Digital Printing Basics for Decorative Labels
Digital printing is the fastest growing printing technology for decorative labels. According to industry research, the digital printing segment is expected to continue to outperform all other label printing technologies by a substantial margin. As the technology advances, press speeds and capabilities are continually increasing and thus fueling continued growth.
With digital printing, the computer generated output is printed directly onto the substrate (paper or film material) eliminating the prepress process and printing plates or cylinders. This saves time, lessens costs and allows for short print runs to be economically produced.
The print also has exceptionally high quality with perfect registration of colors with no need for trapping (in traditional printing colors are trapped to hide registration movement). There is also less dot gain (the amount a color dot expands during printing) for better looking images.
In digital printing presses, digital data (text and images) are transferred directly from a computer to the press. Variable information from a database (batch coding, names, photos, etc) can be printed on each label without the need to produce new plates or additional make-readies for each run – making the customization possibilities endless.
Combined with digital finishing, digitally printed labels can also be custom die cut, and feature hot and cold foil stamping, various special effect coatings and embossing.
The digital printing process is able to replicate lithographic, flexographic, letterpress, rotogravure and extended gamut printing processes.
• Redefines speed-to-market (hours vs weeks)

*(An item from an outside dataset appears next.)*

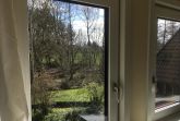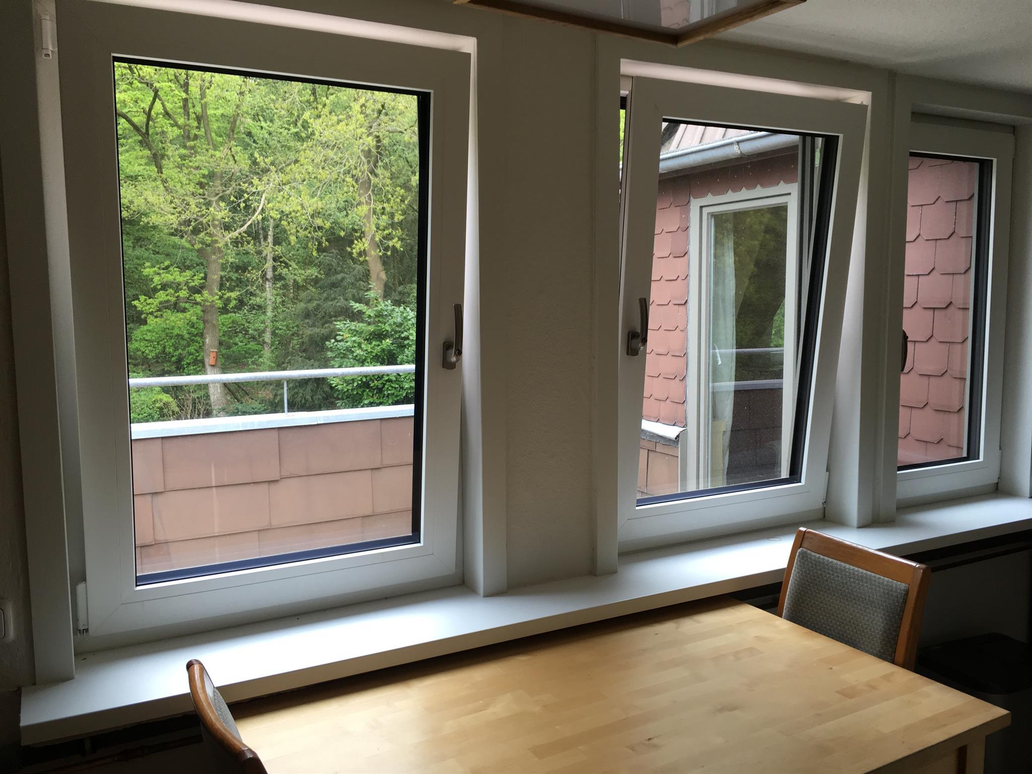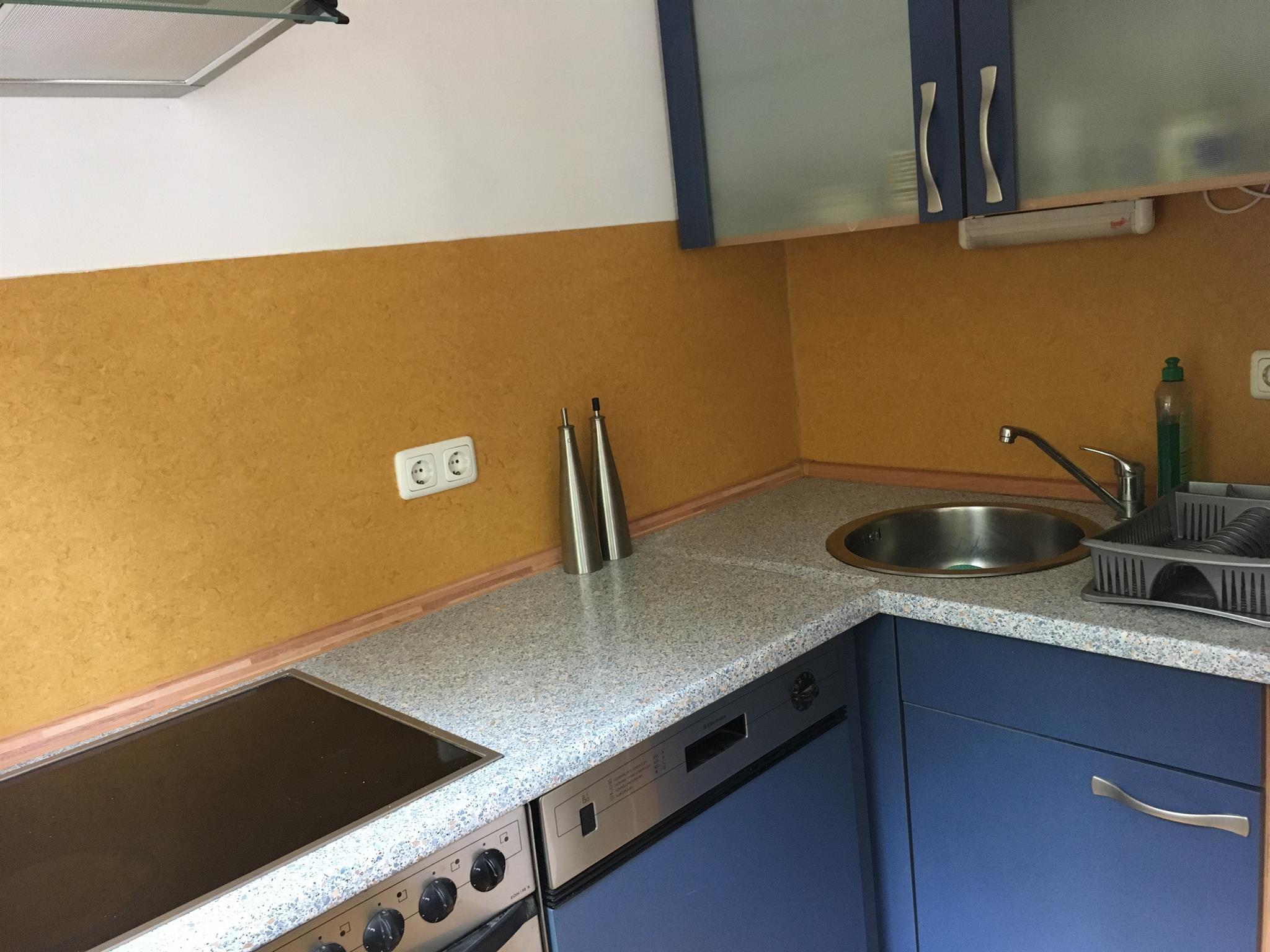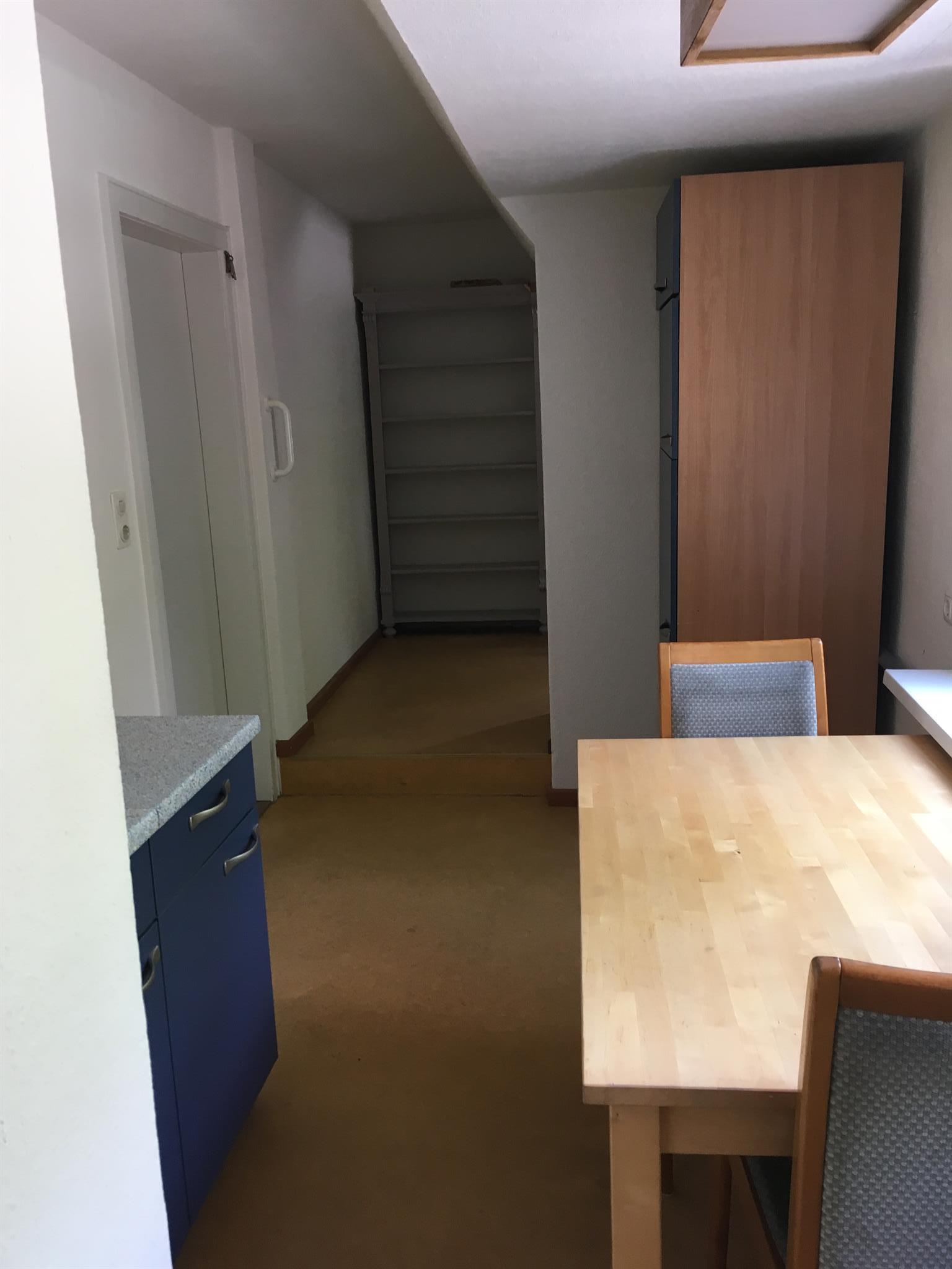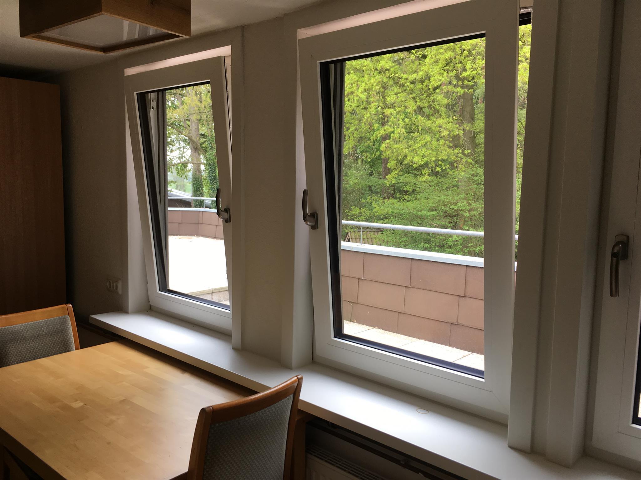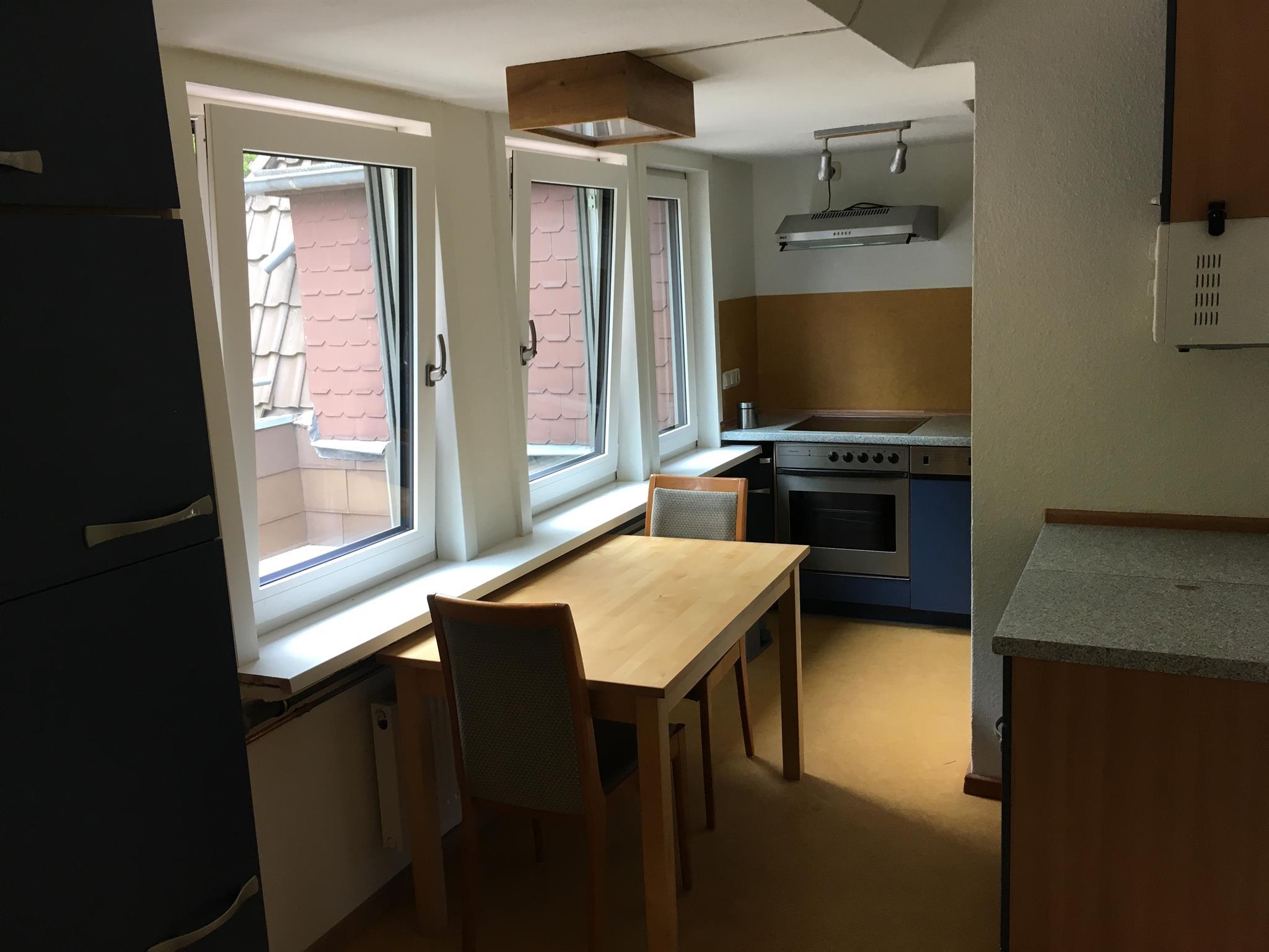 Küchenmitbenutzung zusammen mit einem anderen Mieter. Es ist eine Wohnküche, von der man auf den angrenzenden Wald schaut. Hier befindet sich auch die Waschmaschine.

• Economical for short runs
• Replicates traditional printing processes
• High quality and consistency
• Ideal for test markets, prototyping and sales samples
• Print variable information
Although the technology is continuing to advance, there are still some limitations with digital printing. The slower speeds and narrower widths limit large run economics (> tens of thousands). Typically line/spot colors are also limited (most digital presses use CMYK process inks with some using extended gamut).